++++ Material to process
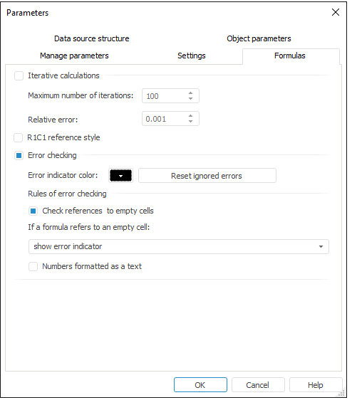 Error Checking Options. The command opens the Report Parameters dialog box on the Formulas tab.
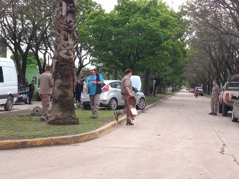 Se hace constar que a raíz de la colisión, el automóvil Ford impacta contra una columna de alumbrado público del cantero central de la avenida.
++++++++
++++ Material to process
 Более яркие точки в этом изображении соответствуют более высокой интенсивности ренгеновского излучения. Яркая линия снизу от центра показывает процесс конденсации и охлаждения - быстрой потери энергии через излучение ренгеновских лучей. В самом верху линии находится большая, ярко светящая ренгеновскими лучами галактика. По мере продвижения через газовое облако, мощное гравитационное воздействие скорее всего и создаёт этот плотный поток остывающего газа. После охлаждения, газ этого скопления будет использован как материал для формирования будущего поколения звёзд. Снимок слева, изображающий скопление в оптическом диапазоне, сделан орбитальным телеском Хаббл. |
++++++++
### [What to produce]
For this exercise, return exactly the lines above from the line with "Error Checking Options." through the line with "Se hace constar", both included. Do not copy the pictures.

### [Output for this task]
 Error Checking Options. The command opens the Report Parameters dialog box on the Formulas tab.
 Se hace constar que a raíz de la colisión, el automóvil Ford impacta contra una columna de alumbrado público del cantero central de la avenida.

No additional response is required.